“For less money!” Alice shrugged her shoulders. “It means paying four dollars a week for my room. The meals are simply uneatable.” Then she explained her presence in New York. Being disappointed in the teacher’s position obtained immediately on leaving college she had given it up and hastened to New York, confident that she would be able to get just the place she wished.
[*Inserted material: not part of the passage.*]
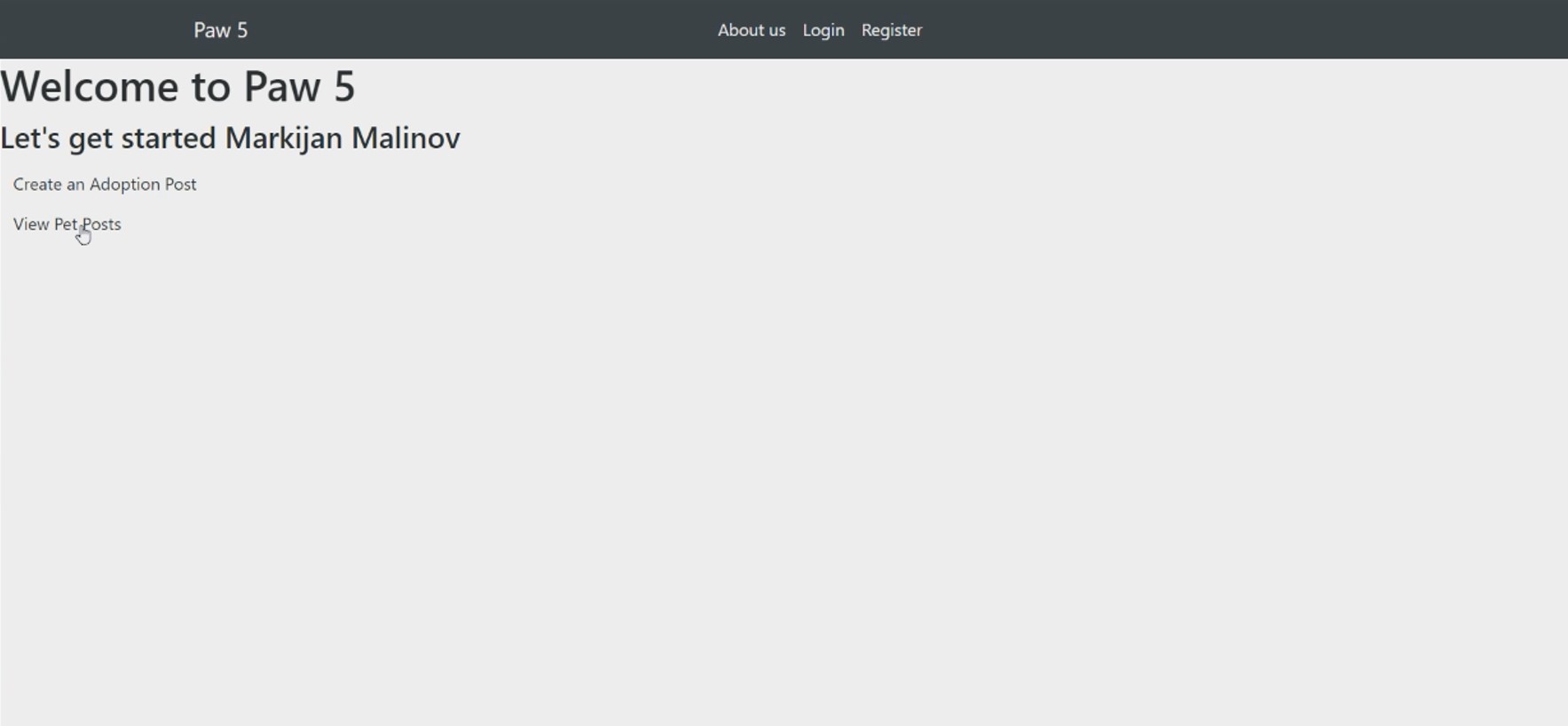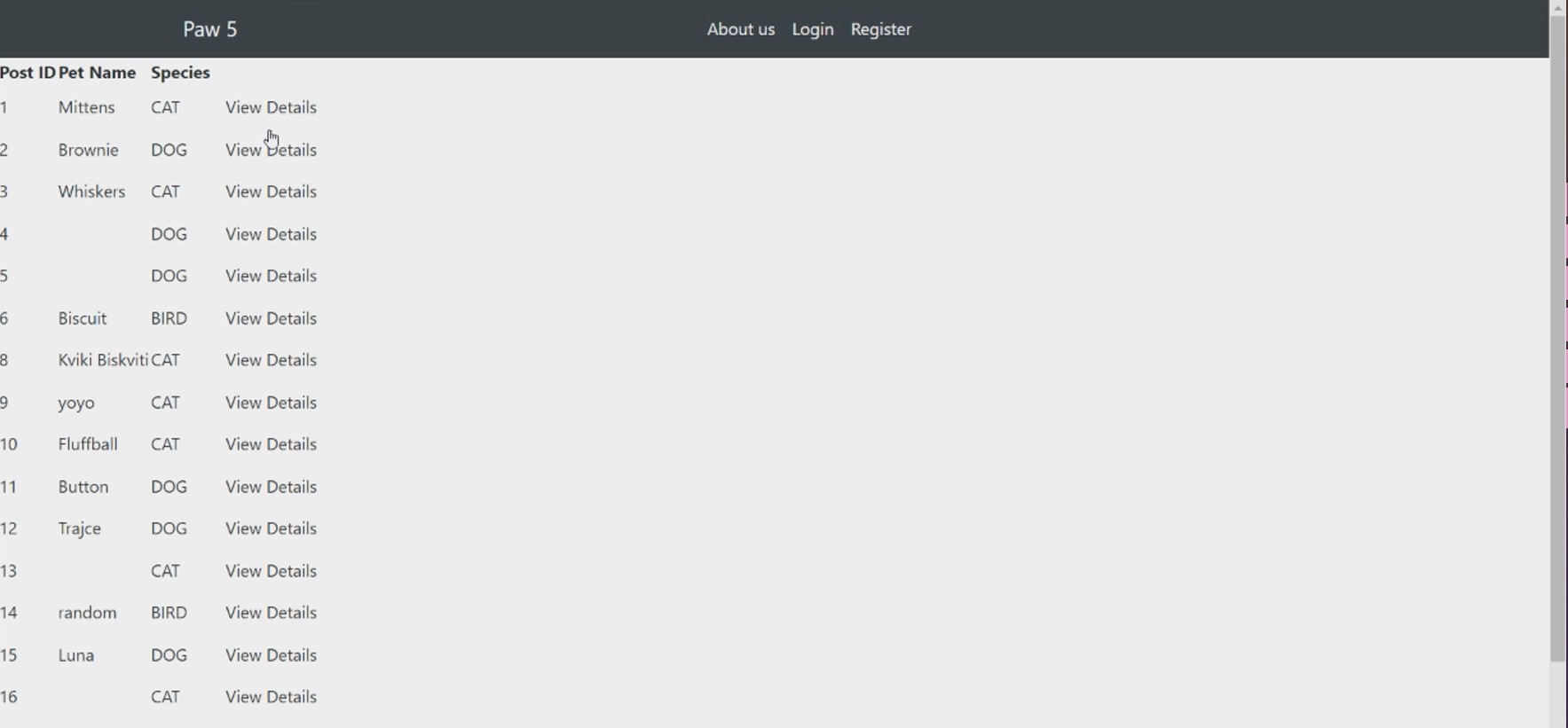 На корисникот му се прикажува листа со огласи и основни информации за миленичињата. Корисникот може да погледне детали со клик на копчето View Details.

“It’s the wrong season. All the agencies tell me they haven’t a thing in my line.” Then she added, with a snap of determination in both her tone and manner: “I’m not going back to Washington City—having people say that I can’t hold down a job. I answered an advertisement in Sunday’s paper and got a place with Jones Brothers directing envelopes and folding circulars.”
My interest became personal. Polly Preston would be able to direct envelopes and fold circulars.
“What do they pay you?”
Alice shook her head.
“When the manager heard that I had been getting twenty-five dollars a week, he said he was ashamed to tell me what they paid. He asked what was the least I would come for. I don’t see how any one can possibly live on less than twelve dollars a week in New York. Do you?”
“He’ll give you more than that,” was my confident assurance. “He knows you’re a college woman. He wouldn’t think of paying you less than fifteen, maybe twenty. If you will let me pay for my breakfast——”
“Don’t you do it,” Alice interrupted, grabbing me by the arm. “The bread is stale and cold, the butter is uneatable, the coffee is not coffee at all, and the milk is skimmed until it is a blue-green. You won’t be able to eat a thing, and they’ll charge you thirty cents for it.”
While thirty cents did not, at that time, seem to me a great price to pay for a breakfast, stale bread and blue-green milk was not tempting. Though my plans had never included a second person, it now occurred to me that if Alice wished to join me she might be of real assistance as well as a pleasant companion.
“Wonderful!” she exclaimed, on hearing my explanation. “If we can only stick it out through the Christmas rush you’ll get material for no end of stories. I’ve always wanted to see just what the Christmas rush is like in a popular New York store.”